Элиза поворачивается к отцу.
— Ну, так что насчет дачи? — спрашивает она. — Если вы не поедете. Мы же будем предельно осторожны. Само собой. Так хочется горным воздухом подышать! Всего на несколько дней!
Густые волосы у папы на затылке и по бокам обрамляют почти лысую макушку, все, что там осталось, — несколько волосков, правда толстых, как конский волос, они зачесаны наискосок. На Элизу папа не обращает никакого внимания, он смотрит на меня, наклоняется ко мне. Я даже моргнуть не могу, так у меня все глаза высохнут. Он набирает воздуха, чтобы что-то сказать, но тут встревает Элиза:
— Мы будем перекрывать газ в баллоне каждый раз после готовки.
И папа отводит от меня взгляд.
— Мы обсудим это потом, — говорит он Элизе.
Пятна солнечного света и тени танцуют по стене гостиной. Они то скользят, то дрожат, то слегка подпрыгивают — вверх и вниз. Резкий порыв ветра ударяет в крону деревьев перед окном, и причудливый узор из света и тени рассыпается, все вокруг сначала заливает яркий свет, потом — темнота, снова вспыхивает свет, и узор из света и тени возвращается. Но он уже другой. Так и жизнь, она может измениться в один миг, и может меняться множество раз в течение дня. Меняюсь и я, и больше уже никогда не стану прежней. Я сижу, не двигаясь, в зеленом кресле и дышу ровно и спокойно, а листья за окном трепещут и колышутся без остановки. Моя единственная надежда в том, что я буду меняться бесконечно. Я сижу босая, с грязными ногтями на ногах.

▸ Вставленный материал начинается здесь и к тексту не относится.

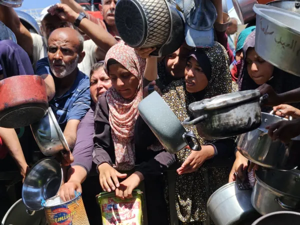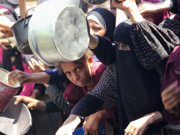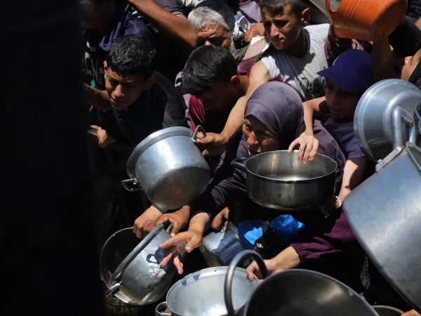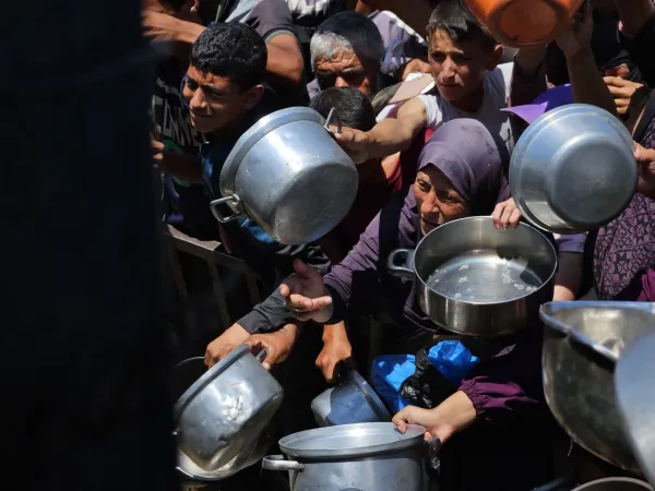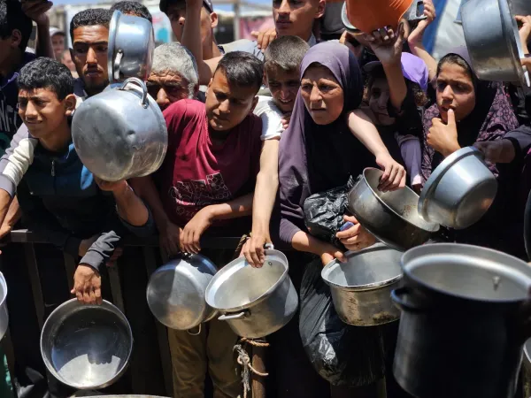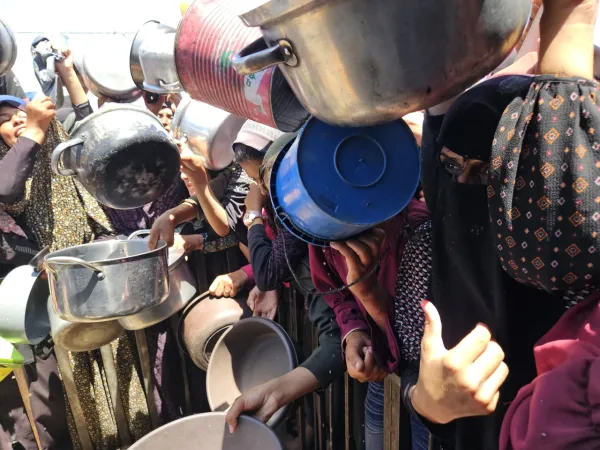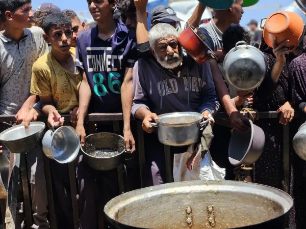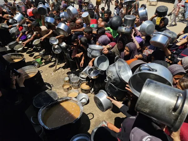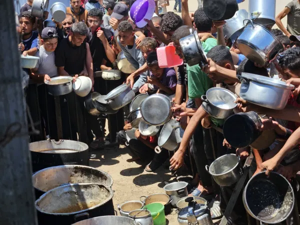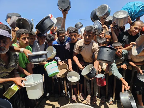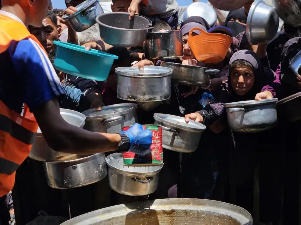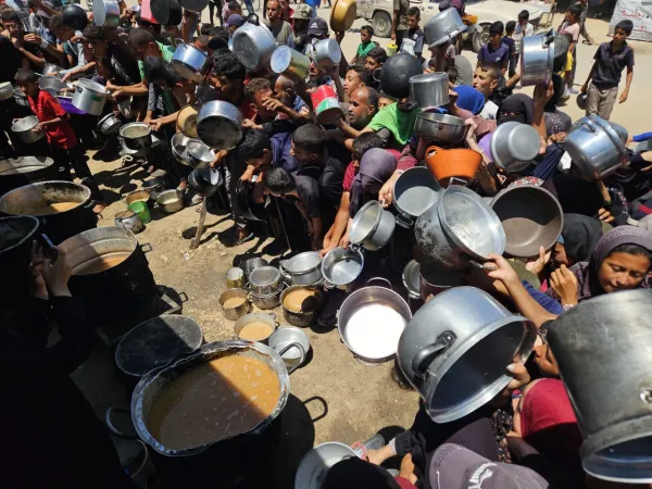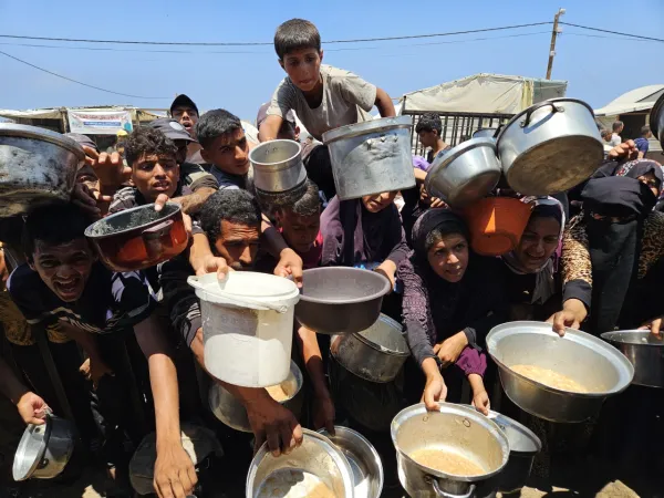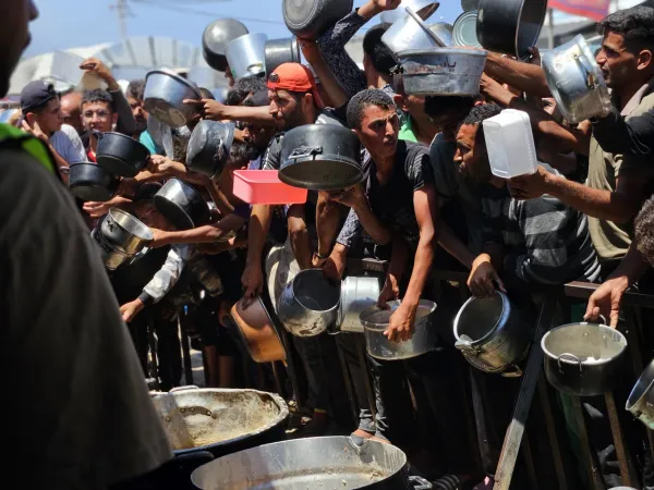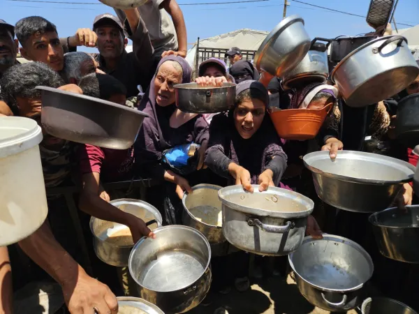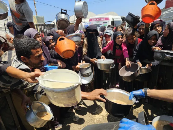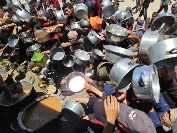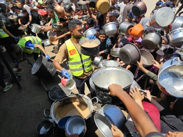 Barbar İsrail'in ablukası ve saldırıları nedeniyle Gazze Şeridi'nde derinleşen gıda krizinden etkilenen Filistinliler, yardım kuruluşları tarafından dağıtılan sıcak yemeklerden alabilmek için ellerinde kaplarla uzun kuyruklar oluşturuyor. Gazze'nin Han Yunus kentine bağlı Mevasi bölgesindeki Filistinlilere hayır kurumları tarafından yemek dağıtımı yapıldı. İnsanların çoluk çocuk, kadın, genç ihtiyar yemek dağıtımında yaşadıkları izdiham yürekleri burkuyor.
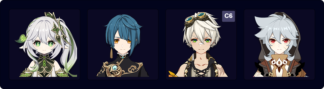 Nahida E Q > Xingqiu EDQ N1 > Kuki E N1 > Alhaitham Q 2[N3D] N2 E 2[N3D] N1C 4[N3D]

Папа похлопывает Кнертена у дверей и говорит: «Ах ты, какой же ты славный, и какая у тебя чудесная собачья жизнь». Я зову Кнертена, но он только поворачивает голову и, мельком взглянув на меня, бежит за папой. Теперь меня никто не любит, на меня нельзя положиться. Мама с папой проходят мимо, не глядя на меня. Словно надеются, что то чувство, которое они ко мне испытывают, исчезнет само по себе, а пока кто-нибудь другой возьмет на себя заботу обо мне или я сама справлюсь — вот на что они рассчитывают. Они даже не попросили меня убрать со стола или вымыть посуду. Тетя Лив любезна со мной, но в ее дружелюбии сквозит грусть. От моих рук, грязных и липких, пахнет лошадью, и этот запах неистребим. У Элизы вид занятой и отстраненный, она собирает вещи, пора возвращаться в Осло в медицинский колледж. А я не хочу, чтобы она уезжала.